La présence d'une femme noire sur le drapeau aux côtés de mousquets et de hachettes montre que la lutte contre l'esclavage était à la fois violente et universelle. La femme représentée est probablement la ressemblance d'une domestique esclave alphabétisée nommée Nanny Grigg . Grigg a joué un rôle déterminant dans la planification de la rébellion de Bussa et a été chargé de voler des journaux dans la grande maison de la plantation et de les lire à Bussa et à ses lieutenants.

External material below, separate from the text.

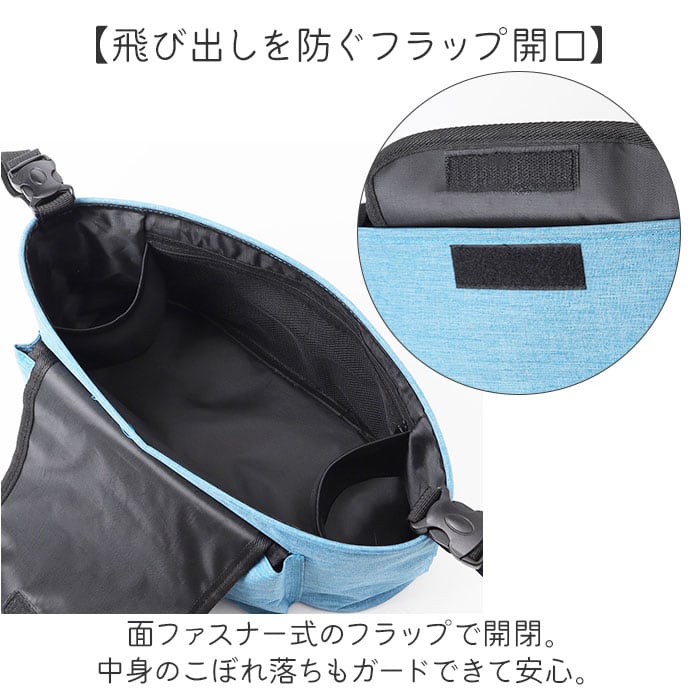 ・面ファスナー式のフラップで開閉。中身のこぼれ落ちもガードできて安心。
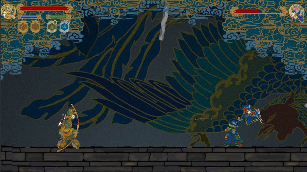 项目顺利启动之后,他们确立了想做动作类冒险游戏的大方向,随后张笑颜提出了一个非常好的想法,将皮影作为主要的中国风元素做进游戏里。目前市场上还没有任何一款皮影风动作类冒险游戏,这意味着他们没有能够完全模仿的对象,所有的游戏设计、美工设计都得靠他们自己去构思。虽然存在着种种未知与困难,但这些未知也激发了他们对最终游戏成品的期待与工作的热情,所以整个游戏的世界观搭建、剧情设计、玩法设计、场景设计以及对游戏市场的分析、目标客户的确定得以在一次次的开会讨论以及在老师的指导下顺利进行。

Mais le plus frappant, c'est que ce drapeau révèle à quoi les rebelles de Bussa s'attendaient à voir leur émancipation. L'homme noir au centre de la bannière a une plus grande couronne que George III. Il s'agit probablement d'une représentation d'un homme noir libre nommé Washington Francklin, que les rebelles avaient désigné comme le chef post-émancipation de la Barbade .

Ceci est encore souligné par le navire de la Royal Navy quittant la scène vers l'est, en direction de la Grande-Bretagne. En d'autres termes, Bussa et ses partisans s'attendaient à ce que l'émancipation vienne avec une indépendance totale de la domination impériale et la bénédiction du monarque britannique.

Ce drapeau explique qu'en 1816, les Bajans d'ascendance africaine espéraient ce qui s'est finalement réalisé le 30 novembre 2021.

Où va la monarchie

Depuis l'indépendance de la Grande-Bretagne en 1966, les Bajans se sont débattus avec la question de leur chef d'État royal et lointain.

En 1979, le gouvernement Bajan a publié le rapport de la Commission de révision de la Constitution de Cox qui concluait qu'une monarchie constitutionnelle restait la forme de gouvernement préférée .

Les gouvernements suivants ont examiné la possibilité d' un républicanisme en 2008 et 2015 . Pourtant, rien n'est sorti de ces études. C'est la prise en compte mondiale du racisme institutionnel à partir de l'été 2020 qui a inspiré ce changement constitutionnel .

La vision cohérente et révolutionnaire de Bussa pour les Bajans d'ascendance africaine d'il y a plus de 200 ans sert de leçon d'endurance à ceux qui luttent pour leurs droits. C'est aussi un puissant rappel d'une histoire séculaire de luttes noires contre la suprématie blanche institutionnelle et de la manière dont elles continuent de résonner.

Lewis Eliot est professeur adjoint d'histoire à l'Université de l'Oklahoma.

Cet article est republié de The Conversation sous une licence Creative Commons. Vous pouvez trouver l' article original ici.